19 March 2009

DVD: "Howard the Duck" - Special Edition

Howard the Duck
Directed by Willard Huyck
Screenplay by Willard Huyck & Gloria Katz
Based on the Marvel Comics Character "Howard the Duck" Created by Steve Gerber
Starring: Lea Thompson, Jeffrey Jones, Tim Robbins
DVD Release Date: 10 March 2009
MPAA Rating: PG
List Price: $14.98
Cinescopes Personality Types: Magical Creator, Youthful Sage, Chosen Adventurer

The Film
Minding his own business, Howard is inexplicably drawn from Duckworld and through space to ours.  His only companion is Beverly (Thompson), leader of an up-and-coming girl band in Cleveland.  Through Phil (Robbins), they are introduced to Dr. Jenning (Jones), who is apparently responsible for the scientific-experiment-gone-wrong that drew Howard here in the first place.  Their effort to reverse the action and send Howard home backfires, though, instead retrieving one of the banished Dark Lords from space!

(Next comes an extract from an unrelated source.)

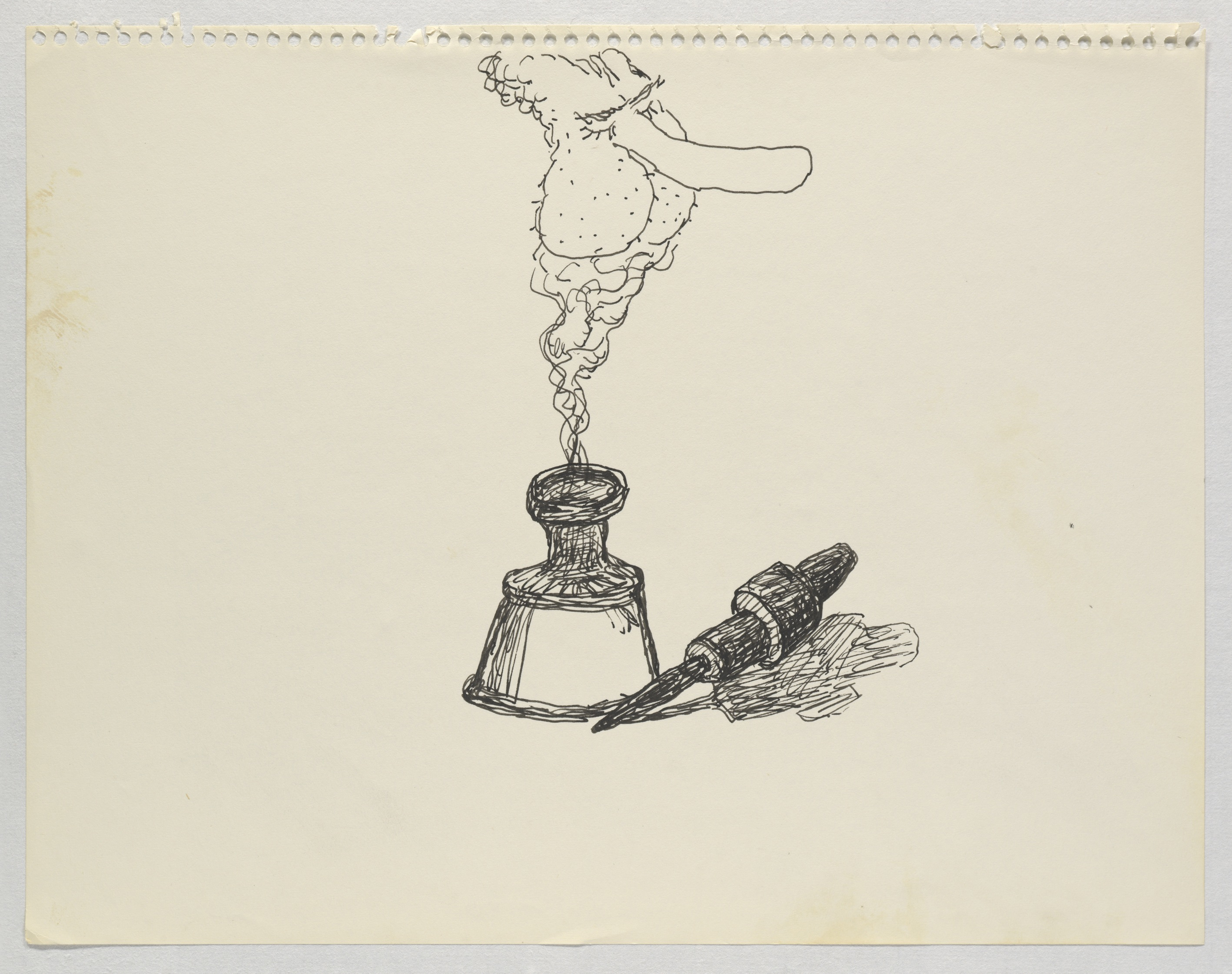 Face above ink bottle: Philip Guston, Untitled, 1971. Ink on paper; 27.6 x 35.2 cm = 10 7/8 x 13 7/8 in. Private Collection. © The Estate of Philip Guston, Courtesy Hauser & Wirth [GUSTO77563]
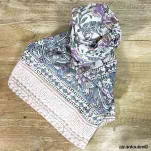 L’étole en coton au motif Sanganer 26.47 réalisée à la main au block print, technique d’impression indienne, vous suit partout été comme hiver.

There are two new features; one, "A Look Back at Howard the Duck" focuses on the production of the film.  The other, "Releasing the Duck," spotlights post-production and the disappointing reaction to the film upon its release in 1986.  There are four vintage features that last a few minutes apiece, and two teaser trailers.  Curiously, the trailers play back-to-back and there is no option of viewing them individually.

The Recommendation
George Lucas, Gloria Katz, Willard Huyck--their previous collaboration was the outstanding American Graffiti.  Lea Thompson was fresh off Back to the Future; Tim Robbins, Top Gun on his way to his breakout in Bull Durham.  Katz and husband Huyck felt this would have been better as an animated feature and Universal was too impatient to wait that long.  Still, being in the hands of Phil Tippett (stop-motion effects), Ben Burtt (sound editing) and John Barry (composer) should have been a safe place for any film.  The film has developed a cult following, and these fans would argue that it was simply ahead of its time.  They may be right.  Aside from the fact that, obviously, today the film would have a CGI Howard, it has aged fairly well in truth; parents should know, however, that this was a 1986 PG; today, it would easily be a PG-13.